On Tue, 1 Dec 2015 12:56:00 +0100
Christoph Hellwig <hch@xxxxxx> wrote:

> On Mon, Nov 30, 2015 at 07:33:13PM -0500, Jeff Layton wrote:
> > On Mon, 30 Nov 2015 16:34:20 -0500
> > "J. Bruce Fields" <bfields@xxxxxxxxxxxx> wrote:
> > 
> > > On Mon, Nov 30, 2015 at 10:57:07AM +0800, Kinglong Mee wrote:
> > > > On 11/29/2015 21:46, Jeff Layton wrote:
> > > > > On Sun, 29 Nov 2015 12:07:48 +0800
> > > > > Kinglong Mee <kinglongmee@xxxxxxxxx> wrote:
> > > > > 
> > > > >> I meet two problems with this patch,
> > > > >>
> > > > > 
> > > > > Ok, I was less sure of this patch than the other one. I think we will
> > > > > need to serialize these operations, but this may not be the best way to
> > > > > do it.
> > > > > 
> > > > > Bruce if you want to back this one for now, then I'm fine with that. It
> > > > > may be a bit before I can get to it.
> > > > > 
> > > > > 
> > > > >> 1. a dump_stack messages printed in process_one_work() at kernel/workqueue.c.
> > > > >>
> > > > >> BUG: workqueue leaked lock or atomic: kworker/u2:4/0x00000000/98#012     last function: nfsd4_run_cb_work [nfsd]
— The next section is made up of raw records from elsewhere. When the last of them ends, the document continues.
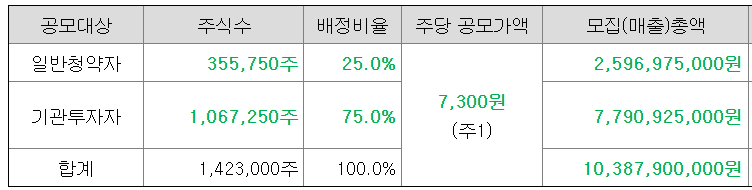 공모가는 희망가액 하단보다 낮은 가격 7300원으로 확정되었습니. 청약한도와 최소 청약주식는 위의 표에서 확인하시기 바랍니다.
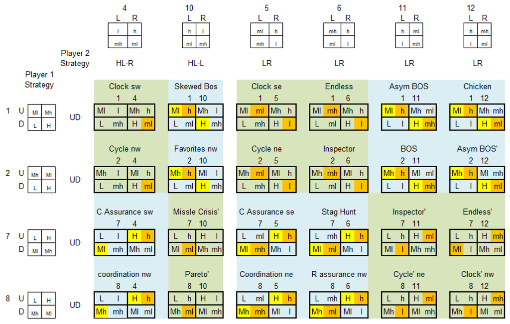 - Kilgour, D.M.; Fraser, N.M. A Taxonomy of All Ordinal 2 × 2 Games. Theory Decision 1988, 24, 99–117. [Google Scholar] [CrossRef]
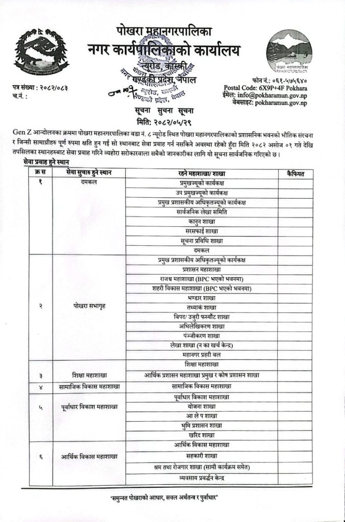 पोखरा । पोखरा महानगरपालिकाले वैकल्पिक व्यवस्था गरी सेवा प्रवाह गर्ने भएको छ ।न–जी आन्दोलनका क्रममा पोखरा महानगरपालिकाको मुख्य प्रशासकीय भवनमा गरिएको आगजनीका कारण कार्यालय पूर्ण रूपमा क्षतिग्रस्त भएको छ । आन्दोलनकारीहरूले भवनका अधिकांश कोठामा आगो लगाउँदा महत्त्वपूर्ण कागजातदेखि कार्यालयका सामग्री खरानी भएका छन् भने प्रमुख प्रशासकीय अधिकृतको कार्यकक्षमा समेत तोडफोड गरिएको छ । साथै कार्यालयका केही सामग्री चोरी भएको महानगरले जनाएको छ ।
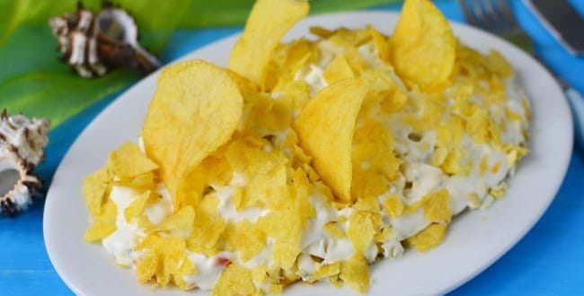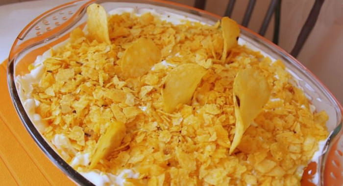 - Несколько чипсов вставить в салат. Остальные — разложить по поверхности целыми или поломанными.

> > > > >> 1 lock held by kworker/u2:4/98:
> > > > >> #0:  (&ls->ls_mutex){......}, at: [<ffffffffa0250d34>] nfsd4_cb_layout_prepare+0x24/0x40 [nfsd]
> > > > >> CPU: 0 PID: 98 Comm: kworker/u2:4 Not tainted 4.4.0-rc2+ #333
> > > > >> Hardware name: VMware, Inc. VMware Virtual Platform/440BX Desktop Reference Platform, BIOS 6.00 07/02/2015
> > > > >> Workqueue: nfsd4_callbacks nfsd4_run_cb_work [nfsd]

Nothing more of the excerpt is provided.